Problem statement: Only one span is wanted from the lines below: from the one with "В подборку вошли" up to and including the one with "Layer with remaining". Copy it exactly, without images.

Supplied material:
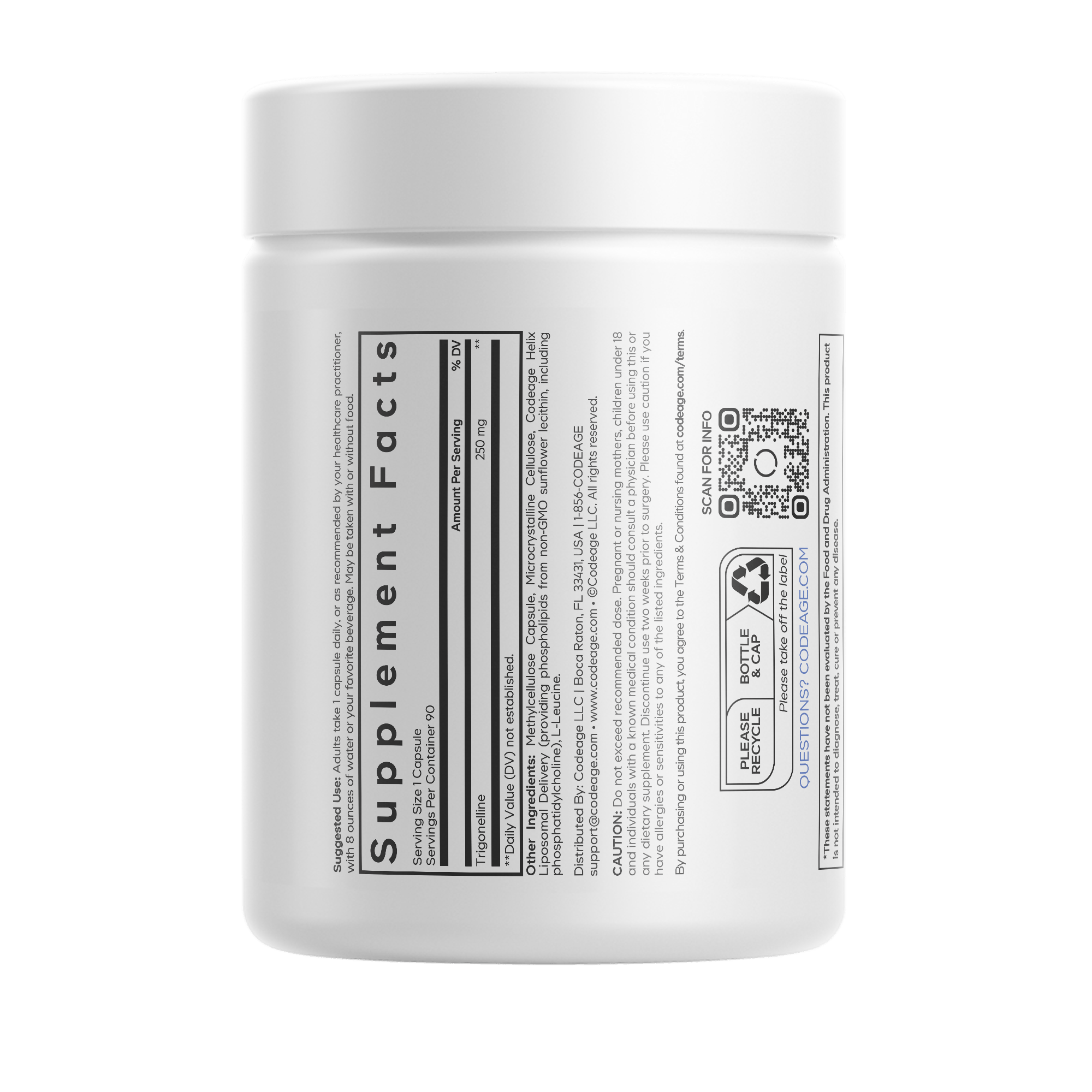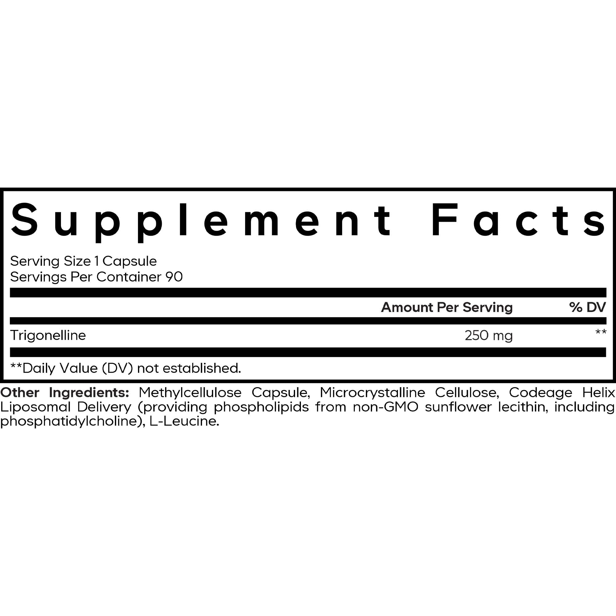 Manufactured in the USA in a cGMP-certified facility, Codeage Liposomal Trigonelline is crafted with global ingredients to ensure quality, purity, and consistency in every capsule.
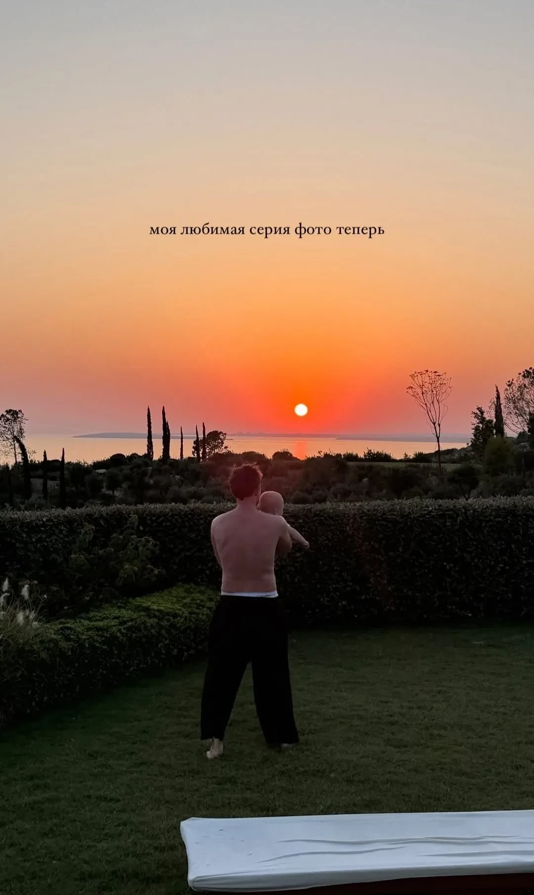 В подборку вошли кадры, на которых Александр играет с сыном Фёдором на фоне заката. "Моя любимая серия фото теперь", — написала Виктория.
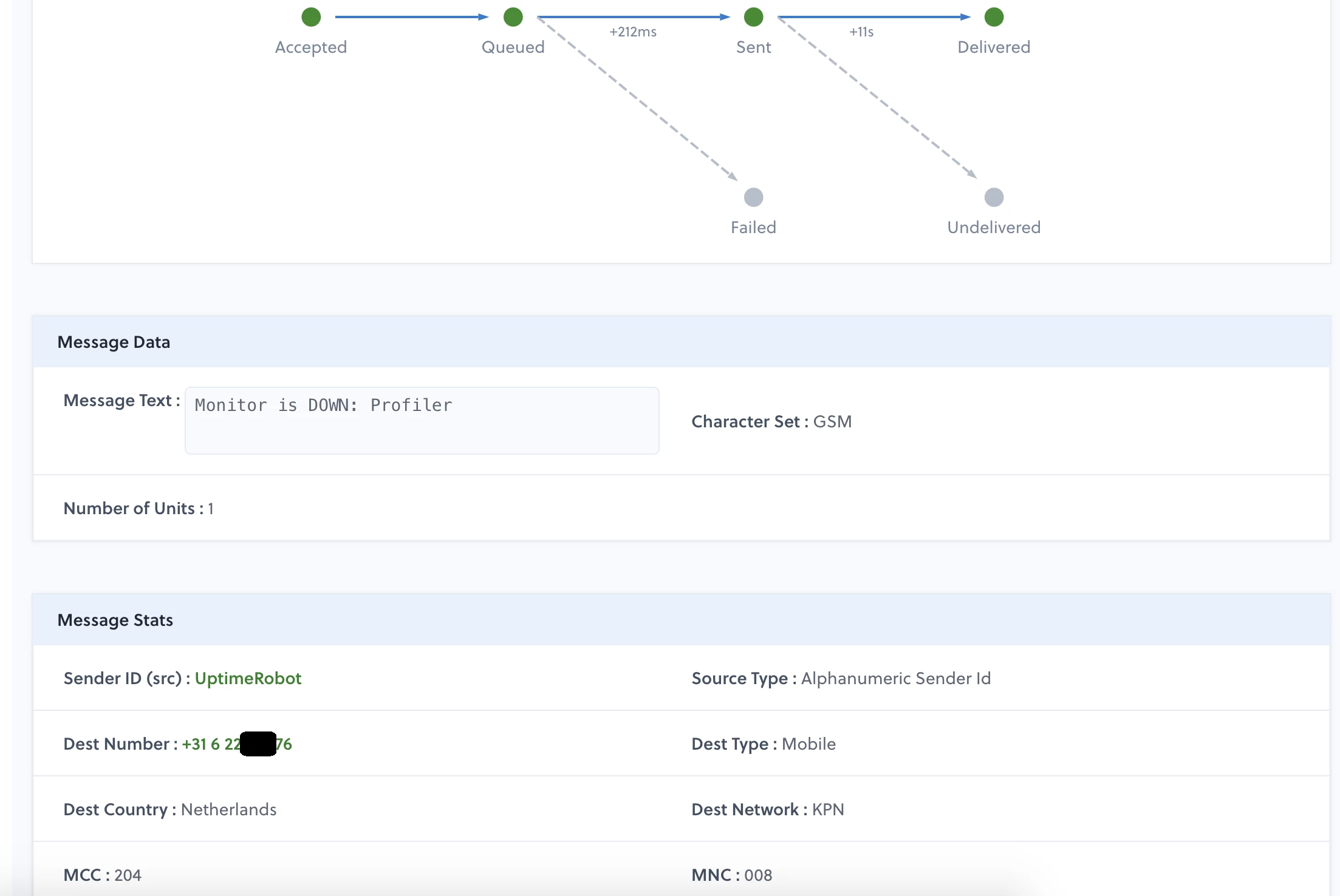 Wij hebben recent een betaald abonnement aangeschaft van www.UptimeRobot.com, om de uptime van onze servers te monitoren. So far so good. Naast e-mail notificaties hebben wij ons ook met drie Nederlandse mobiele nummers geabonneerd op SMS notificaties.
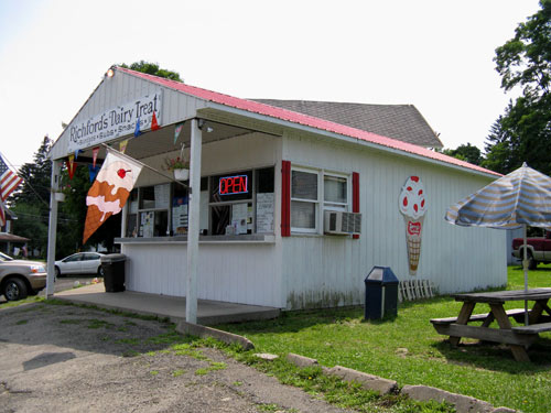Some places are worth a stop, just because you like the looks of them. Richford’s Dairy Treat caught our eye as we made the turn onto Route 79, with its hulking black smoker parked in the front lot, and huge signs advertising BBQ chicken and 24 flavors of soft serve ice cream — mixed to order.
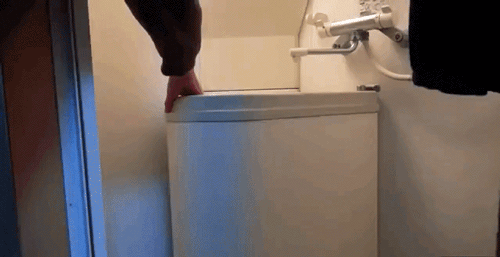 浴室的洗手台可以旋转移动,覆盖在马桶上面,就有足够的淋浴空间,并且防止厕纸之类的物件在淋浴时被弄湿。
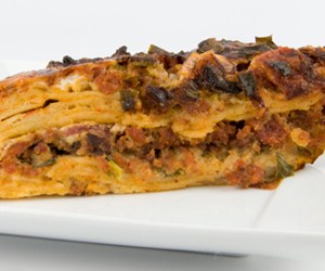 Layer with remaining tortillas, sausage, cheese and green onions.
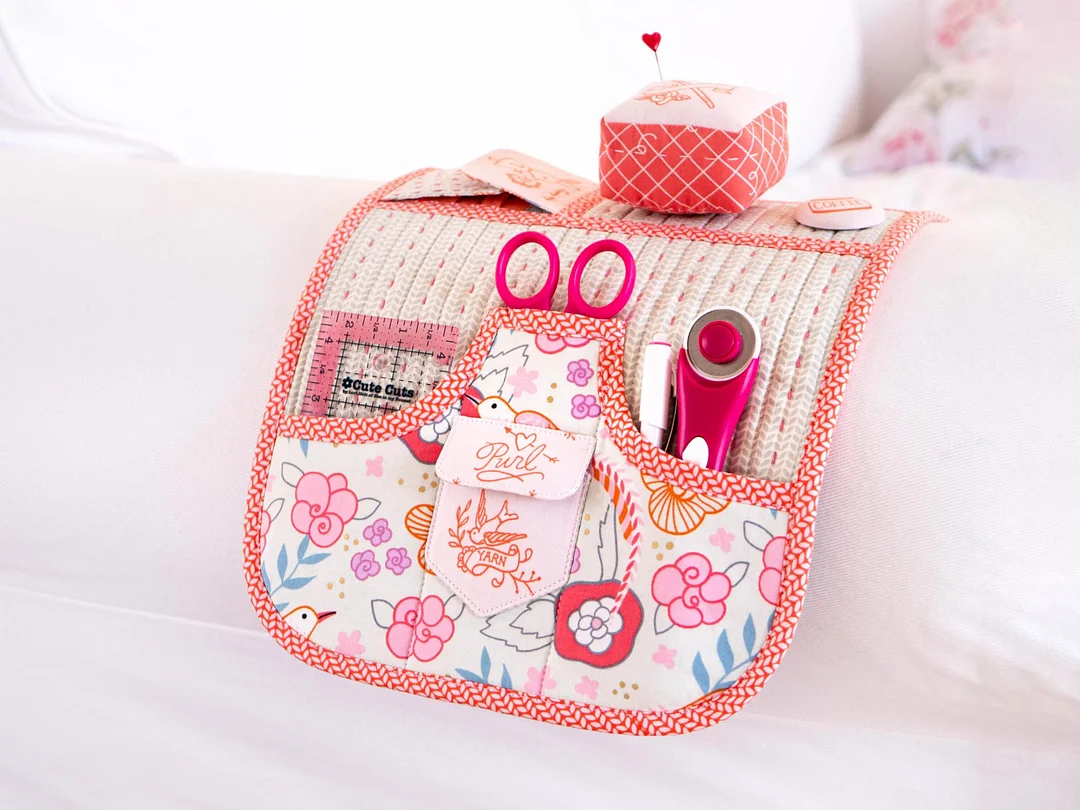 The base of the Smart Sofa Station features beautiful quilting, and it comes with an array of pockets. Whether you're a quilter, into English paper piecing, crocheting, embroidering, or any other craft, there's a pocket to suit your needs. You can neatly arrange your scissors, notions, and ongoing projects in these pockets, keeping everything in an orderly fashion and within easy reach.
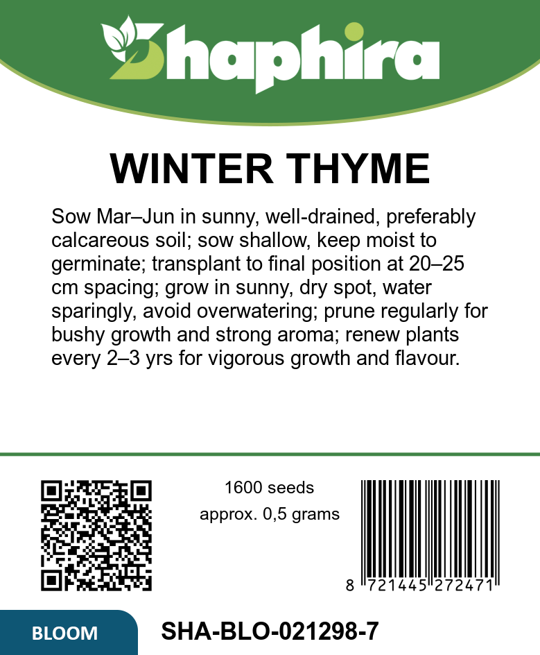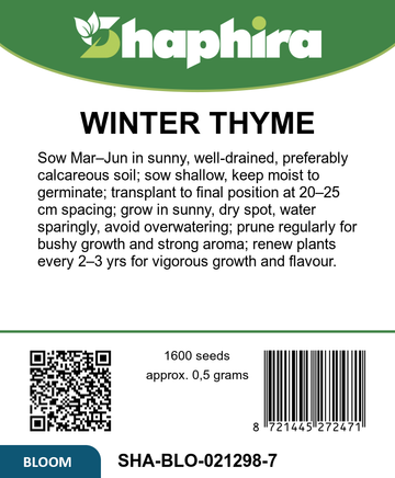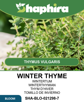 Hardy true winter thyme seeds forming compact, evergreen plants with aromatic leaves and bee-friendly blooms.
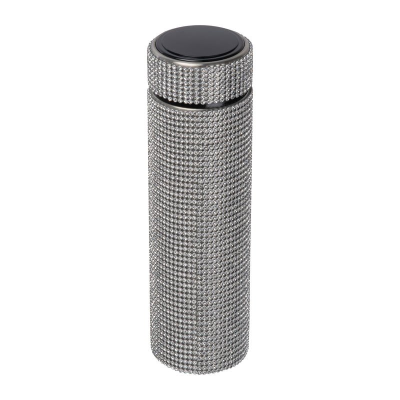 NOVINKA 2025. Veľká dvojstenná vákuová nerezová fľaša vhodná ako termoska s trblietavými kamienkovými prvkami, sitkom a nepriepustným uzáverom. Kapacita 500 ml.
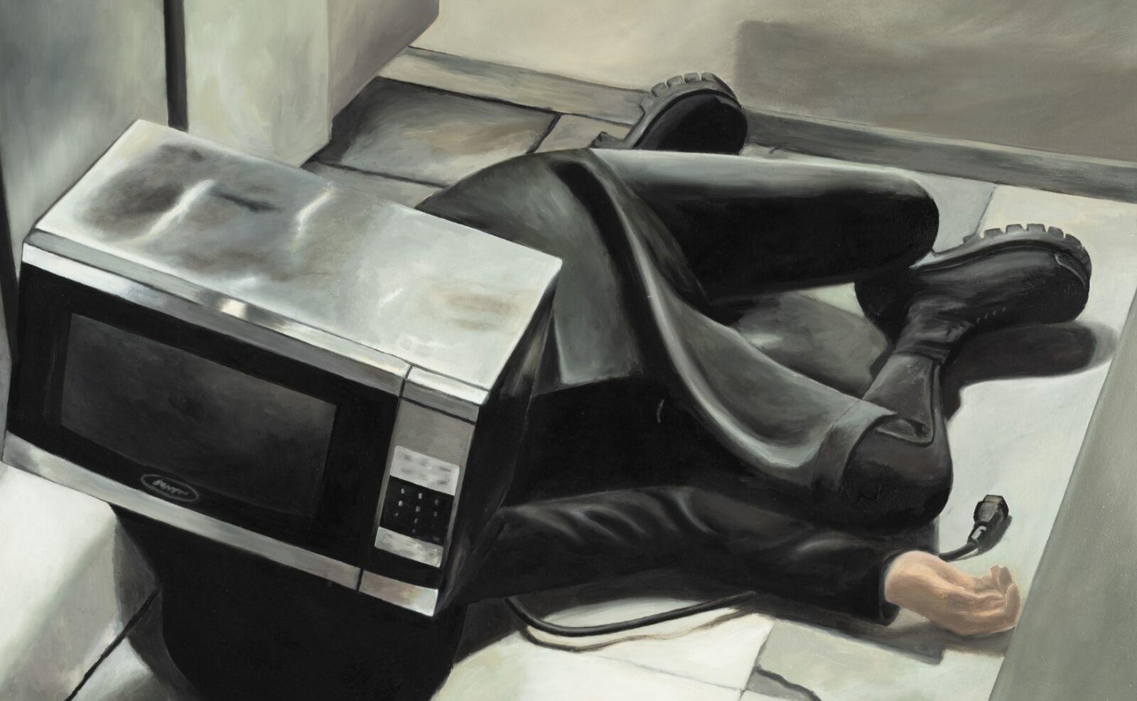 No faces are shown in full. Either cut off by framing or obscured by objects. Figures are often oppressed by objects. Chair, microwaves, shoes. It’s almost an exercise in forniphilia. As if in their submission, they’ve been relegated to a fixture of the floor. You’re the spectator to someone else’s interior world and all the specifics that that entails. The sensation is best exemplified on the small canvas “i look at the wound and see Moscow”. It depicts skin peeling from a little toe. An intimate image of discomfort, hanging flesh. With the name, you’re aware of the eye viewing it, what the toes owner is experiencing. Stinging sensitivity, raw to the touch.

Task solution:
 В подборку вошли кадры, на которых Александр играет с сыном Фёдором на фоне заката. "Моя любимая серия фото теперь", — написала Виктория.
 Wij hebben recent een betaald abonnement aangeschaft van www.UptimeRobot.com, om de uptime van onze servers te monitoren. So far so good. Naast e-mail notificaties hebben wij ons ook met drie Nederlandse mobiele nummers geabonneerd op SMS notificaties.
Some places are worth a stop, just because you like the looks of them. Richford’s Dairy Treat caught our eye as we made the turn onto Route 79, with its hulking black smoker parked in the front lot, and huge signs advertising BBQ chicken and 24 flavors of soft serve ice cream — mixed to order.
 浴室的洗手台可以旋转移动,覆盖在马桶上面,就有足够的淋浴空间,并且防止厕纸之类的物件在淋浴时被弄湿。
 Layer with remaining tortillas, sausage, cheese and green onions.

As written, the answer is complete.